**EXERCISE OBJECTIVE**: Look below for the line with "gif_animation 中国にて、飛" and the line with "5 Rs 125th Birth". Copy exactly those two lines and every line between, but not the pictures.

**PROVIDED DATA**:
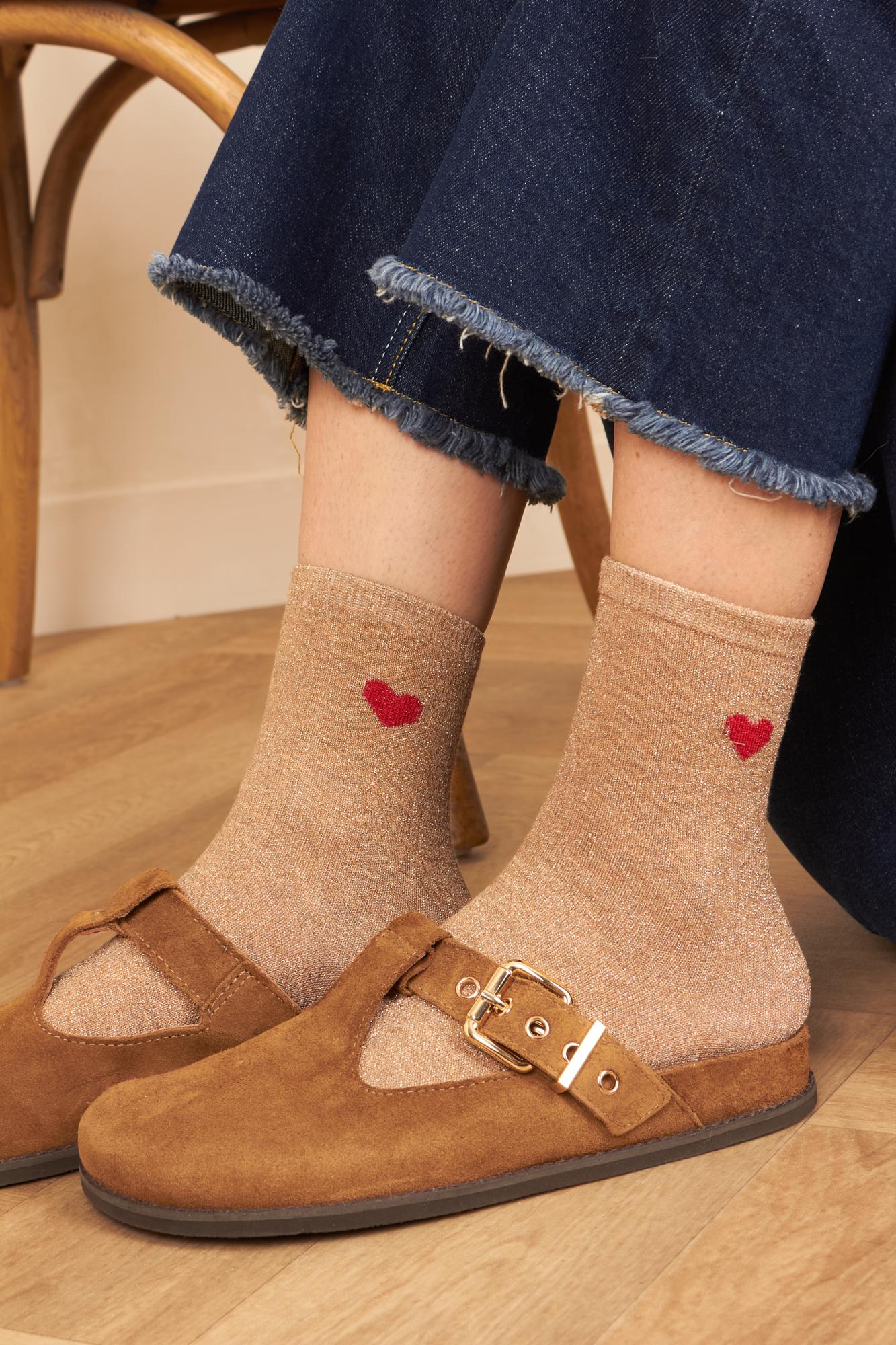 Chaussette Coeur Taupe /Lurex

--

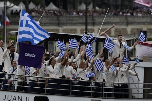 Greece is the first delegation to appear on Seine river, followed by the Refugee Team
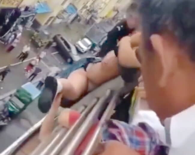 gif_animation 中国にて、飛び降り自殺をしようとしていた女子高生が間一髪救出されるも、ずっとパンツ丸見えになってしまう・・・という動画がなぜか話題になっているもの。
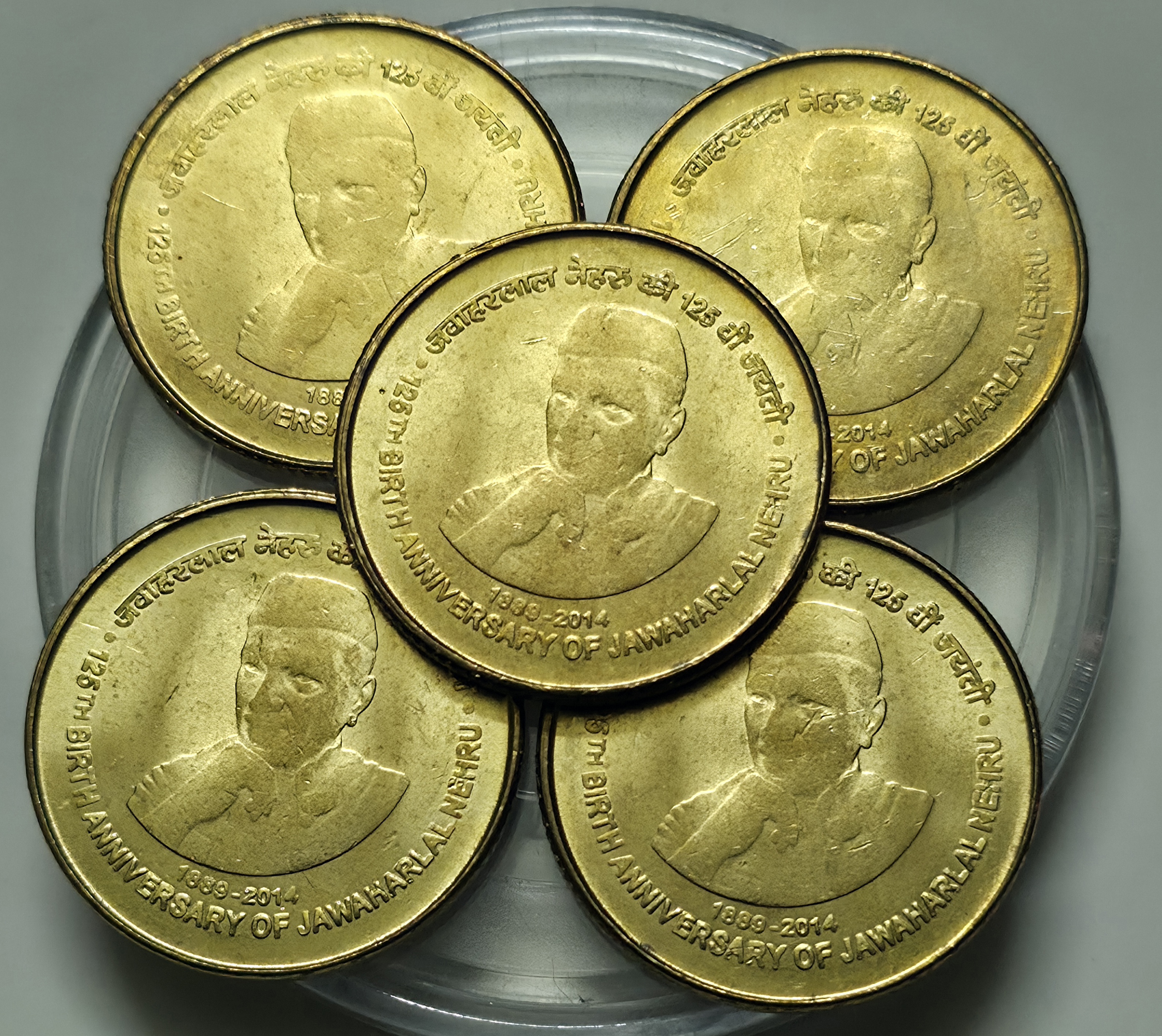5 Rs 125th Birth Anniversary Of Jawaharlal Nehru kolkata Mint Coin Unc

...

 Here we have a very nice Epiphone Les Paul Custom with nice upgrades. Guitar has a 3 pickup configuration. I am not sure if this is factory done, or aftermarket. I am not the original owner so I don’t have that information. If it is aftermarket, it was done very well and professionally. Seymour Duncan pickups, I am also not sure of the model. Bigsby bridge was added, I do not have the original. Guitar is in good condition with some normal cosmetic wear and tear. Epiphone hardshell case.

**WRITTEN ANSWER**:
 gif_animation 中国にて、飛び降り自殺をしようとしていた女子高生が間一髪救出されるも、ずっとパンツ丸見えになってしまう・・・という動画がなぜか話題になっているもの。
5 Rs 125th Birth Anniversary Of Jawaharlal Nehru kolkata Mint Coin Unc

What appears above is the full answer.